Retype, exactly as they stand, the lines from the start of the data to the line that contains "PLO leader Mahmoud", both ends included. Leave the pictures out.

====== Data extracts

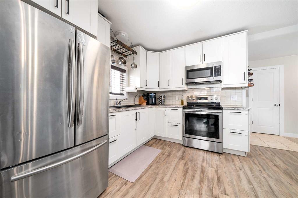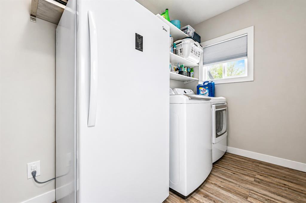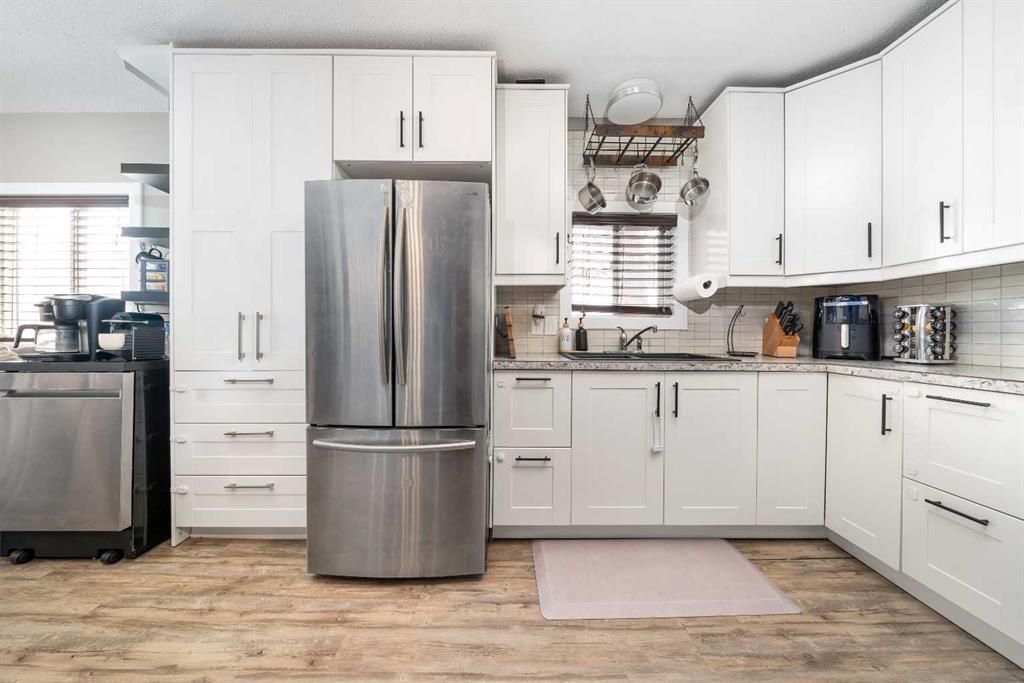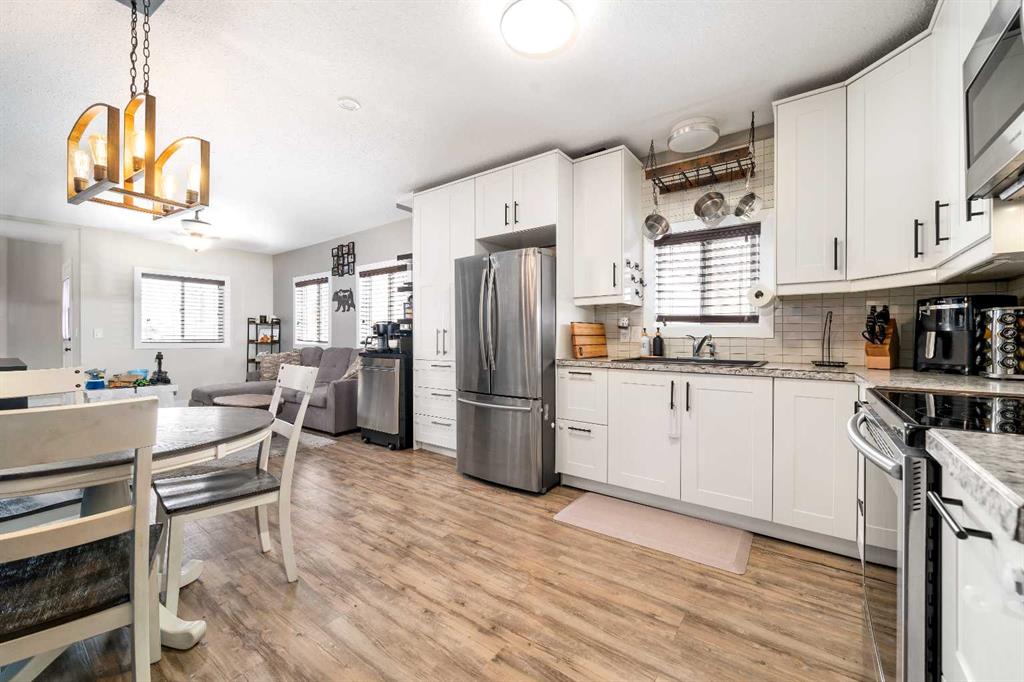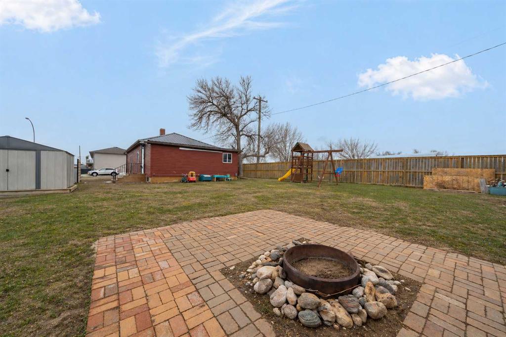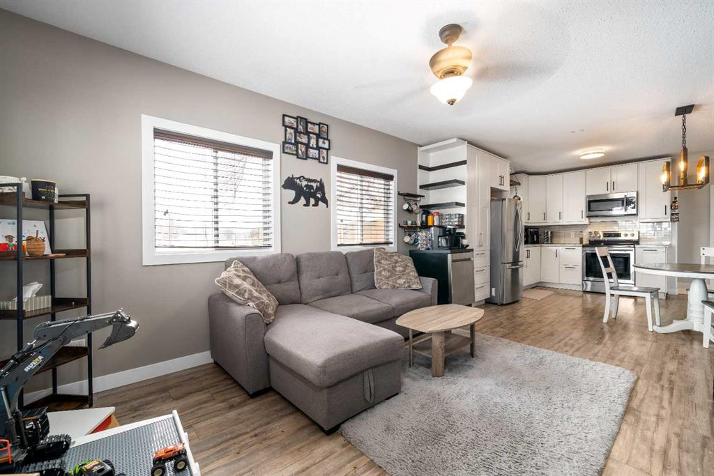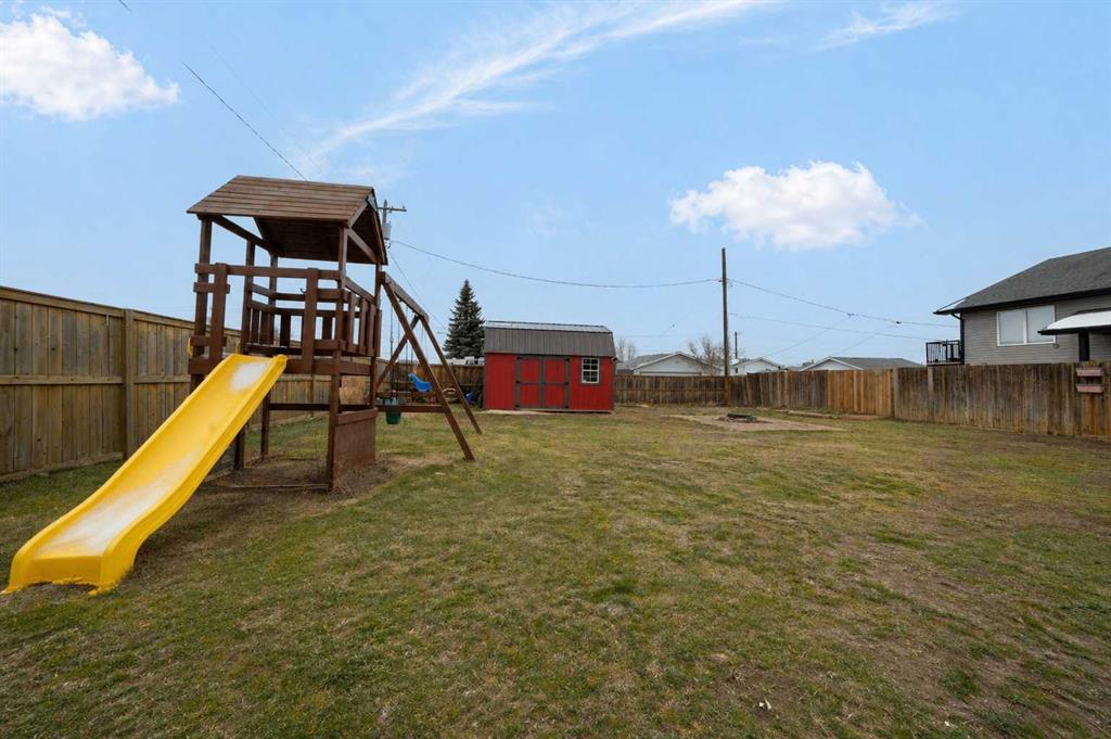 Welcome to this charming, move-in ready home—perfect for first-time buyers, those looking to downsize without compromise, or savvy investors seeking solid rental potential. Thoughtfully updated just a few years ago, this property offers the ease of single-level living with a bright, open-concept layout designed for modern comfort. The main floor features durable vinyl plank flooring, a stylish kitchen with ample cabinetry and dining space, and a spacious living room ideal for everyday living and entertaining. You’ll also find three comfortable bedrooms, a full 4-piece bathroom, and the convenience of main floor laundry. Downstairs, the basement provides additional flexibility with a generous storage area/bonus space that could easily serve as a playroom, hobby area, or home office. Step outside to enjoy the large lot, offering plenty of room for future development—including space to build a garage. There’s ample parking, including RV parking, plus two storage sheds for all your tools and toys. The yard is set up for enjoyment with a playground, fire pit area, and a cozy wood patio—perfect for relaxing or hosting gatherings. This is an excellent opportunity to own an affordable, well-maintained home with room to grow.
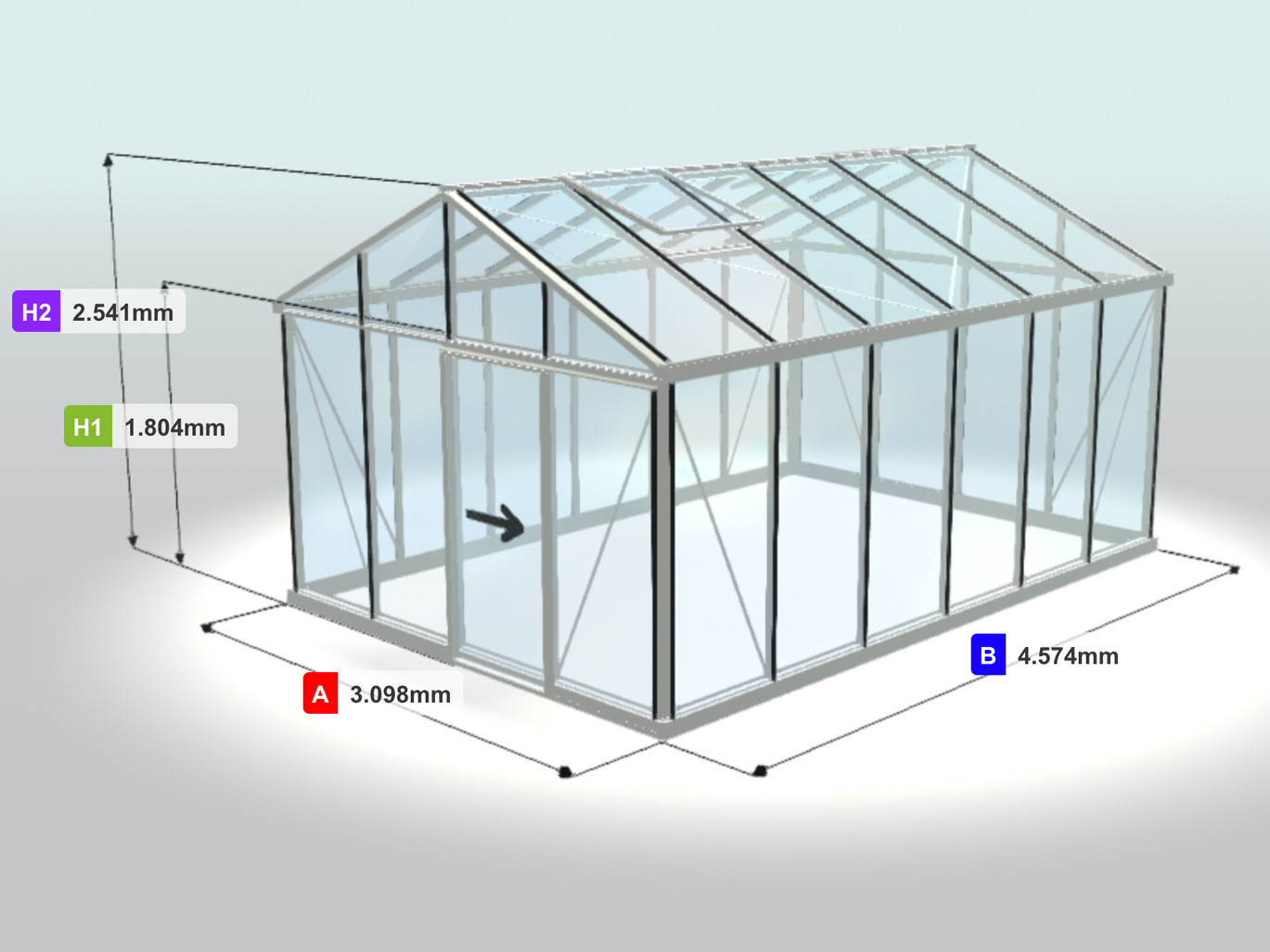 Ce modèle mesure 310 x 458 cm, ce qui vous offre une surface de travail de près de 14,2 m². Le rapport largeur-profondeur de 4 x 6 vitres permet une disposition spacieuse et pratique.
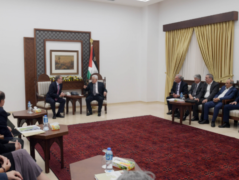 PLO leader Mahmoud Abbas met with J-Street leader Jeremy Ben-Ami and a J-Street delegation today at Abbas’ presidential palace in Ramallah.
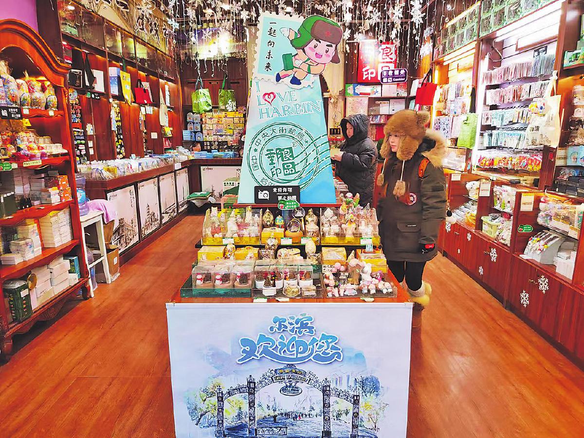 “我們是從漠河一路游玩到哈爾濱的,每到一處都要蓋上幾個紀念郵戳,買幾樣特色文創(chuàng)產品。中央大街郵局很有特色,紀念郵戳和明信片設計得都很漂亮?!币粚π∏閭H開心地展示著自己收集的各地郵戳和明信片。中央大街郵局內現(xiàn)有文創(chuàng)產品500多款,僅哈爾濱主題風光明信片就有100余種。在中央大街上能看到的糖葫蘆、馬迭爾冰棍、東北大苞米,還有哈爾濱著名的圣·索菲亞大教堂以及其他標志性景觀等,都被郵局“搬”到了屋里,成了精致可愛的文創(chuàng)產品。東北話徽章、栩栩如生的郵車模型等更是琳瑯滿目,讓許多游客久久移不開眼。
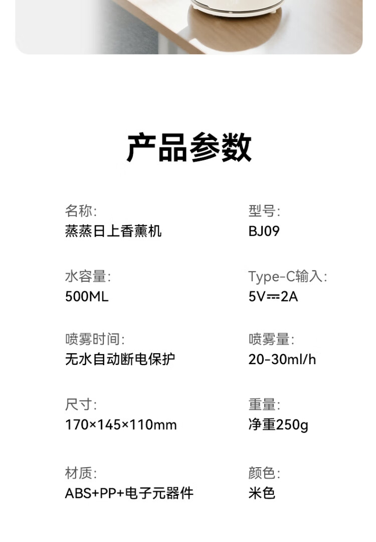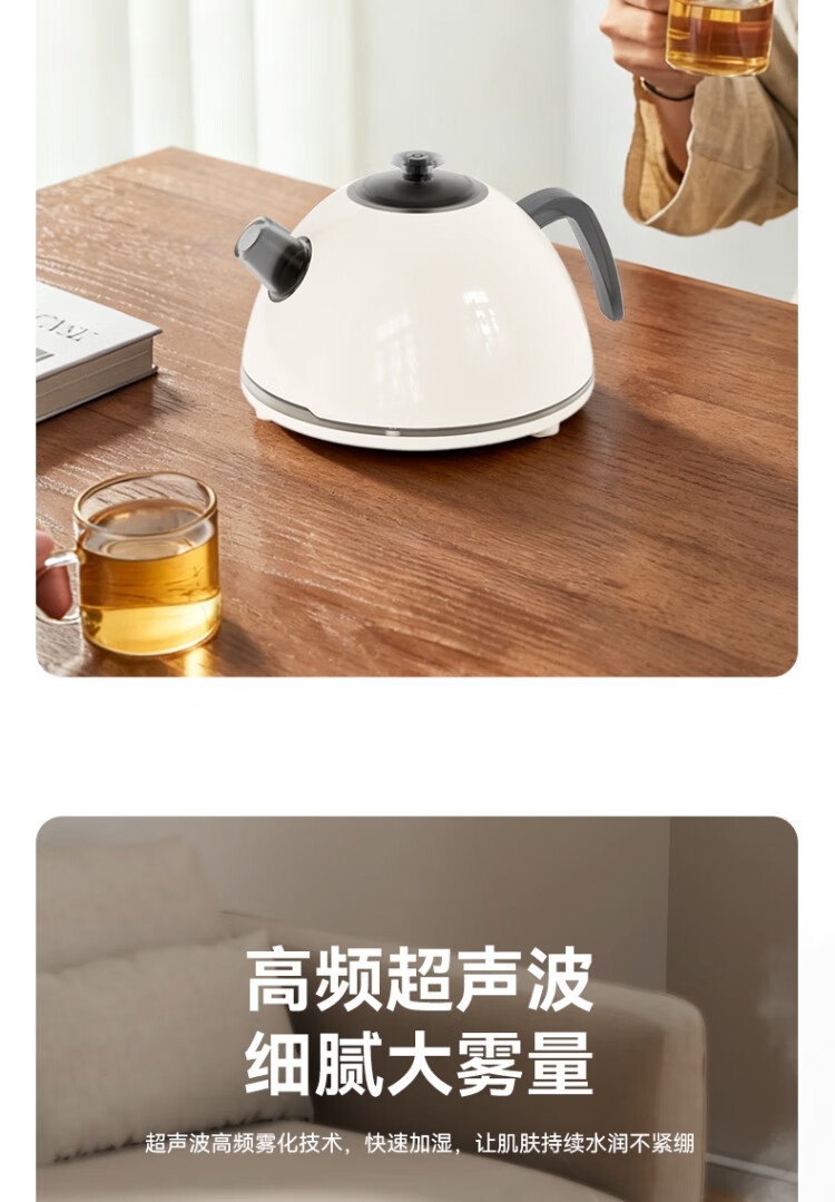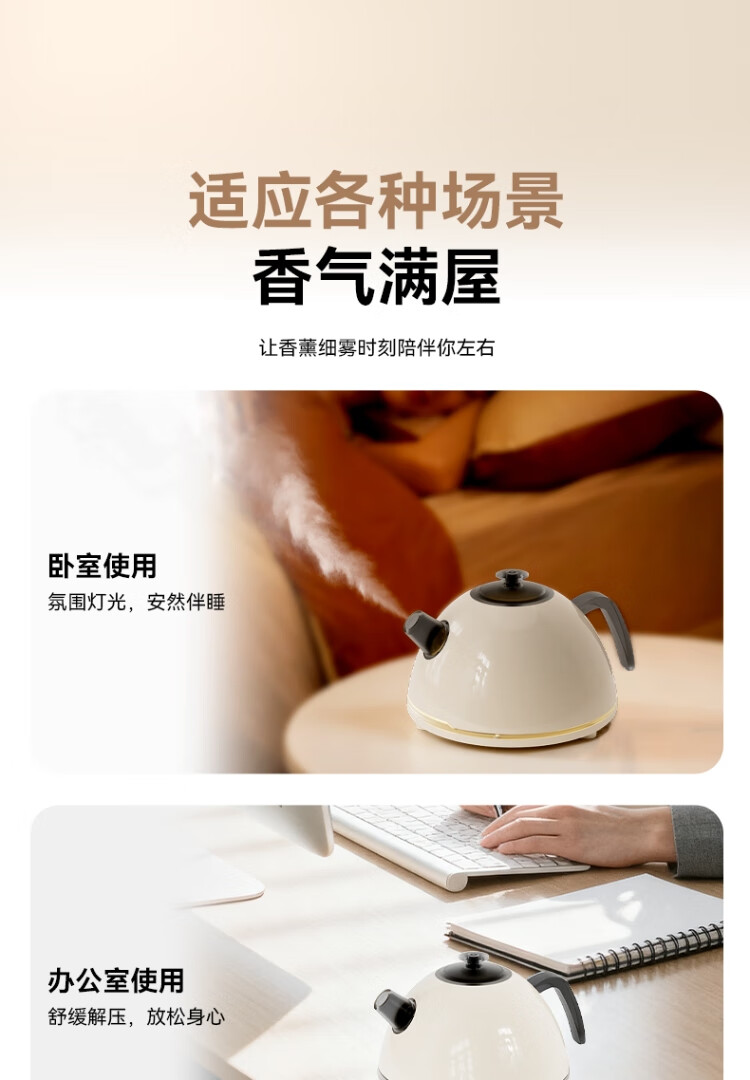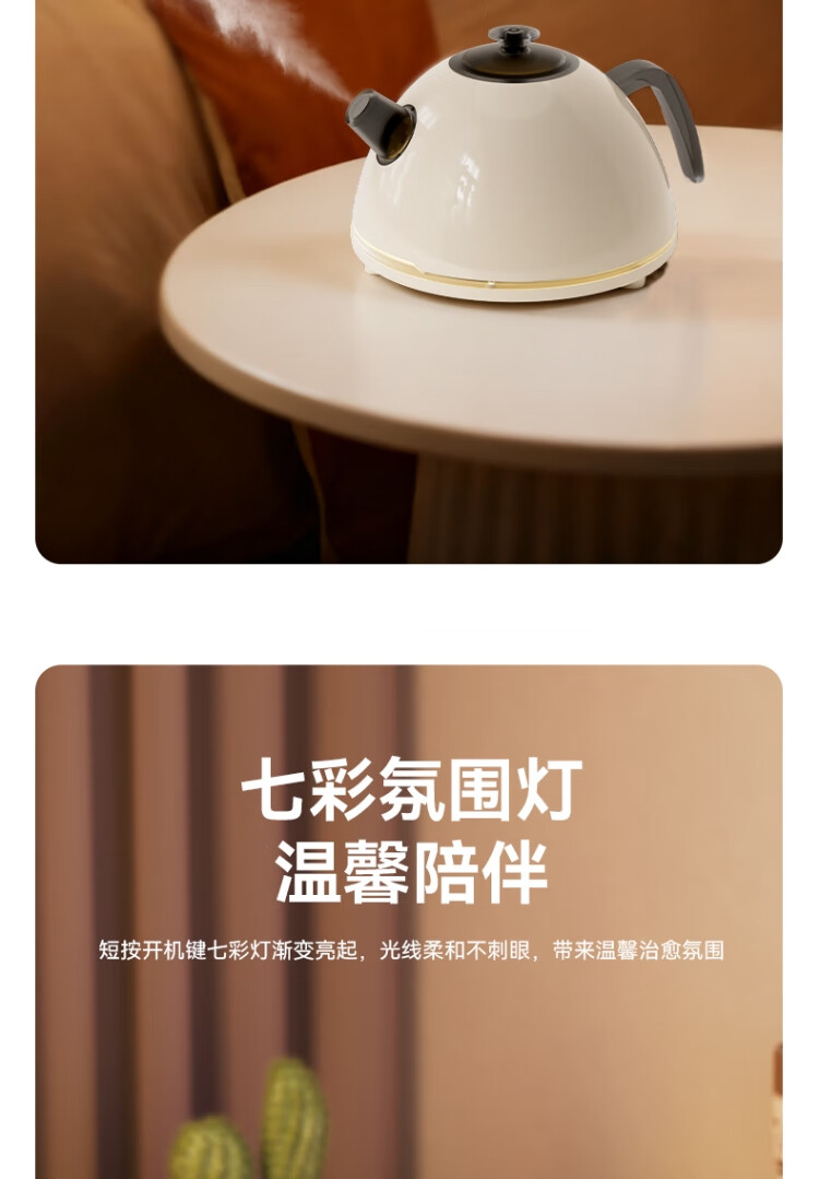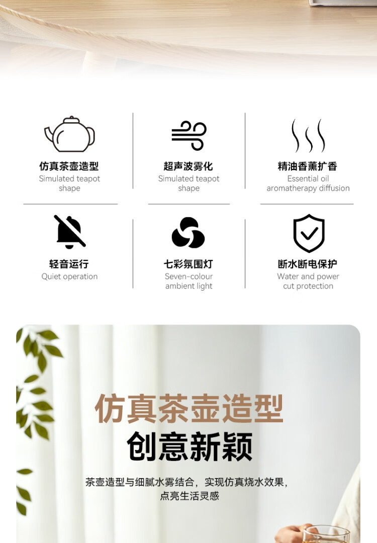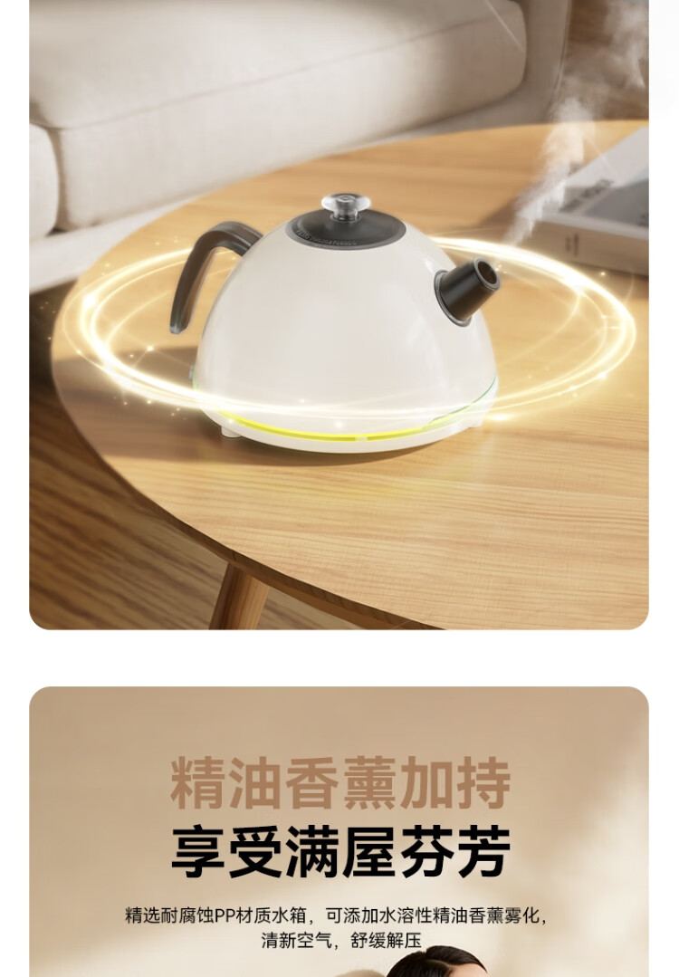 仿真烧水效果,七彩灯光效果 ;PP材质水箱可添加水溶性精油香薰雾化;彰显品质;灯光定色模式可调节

============

◆ Response to the task ◆
 Welcome to this charming, move-in ready home—perfect for first-time buyers, those looking to downsize without compromise, or savvy investors seeking solid rental potential. Thoughtfully updated just a few years ago, this property offers the ease of single-level living with a bright, open-concept layout designed for modern comfort. The main floor features durable vinyl plank flooring, a stylish kitchen with ample cabinetry and dining space, and a spacious living room ideal for everyday living and entertaining. You’ll also find three comfortable bedrooms, a full 4-piece bathroom, and the convenience of main floor laundry. Downstairs, the basement provides additional flexibility with a generous storage area/bonus space that could easily serve as a playroom, hobby area, or home office. Step outside to enjoy the large lot, offering plenty of room for future development—including space to build a garage. There’s ample parking, including RV parking, plus two storage sheds for all your tools and toys. The yard is set up for enjoyment with a playground, fire pit area, and a cozy wood patio—perfect for relaxing or hosting gatherings. This is an excellent opportunity to own an affordable, well-maintained home with room to grow.
 Ce modèle mesure 310 x 458 cm, ce qui vous offre une surface de travail de près de 14,2 m². Le rapport largeur-profondeur de 4 x 6 vitres permet une disposition spacieuse et pratique.
 PLO leader Mahmoud Abbas met with J-Street leader Jeremy Ben-Ami and a J-Street delegation today at Abbas’ presidential palace in Ramallah.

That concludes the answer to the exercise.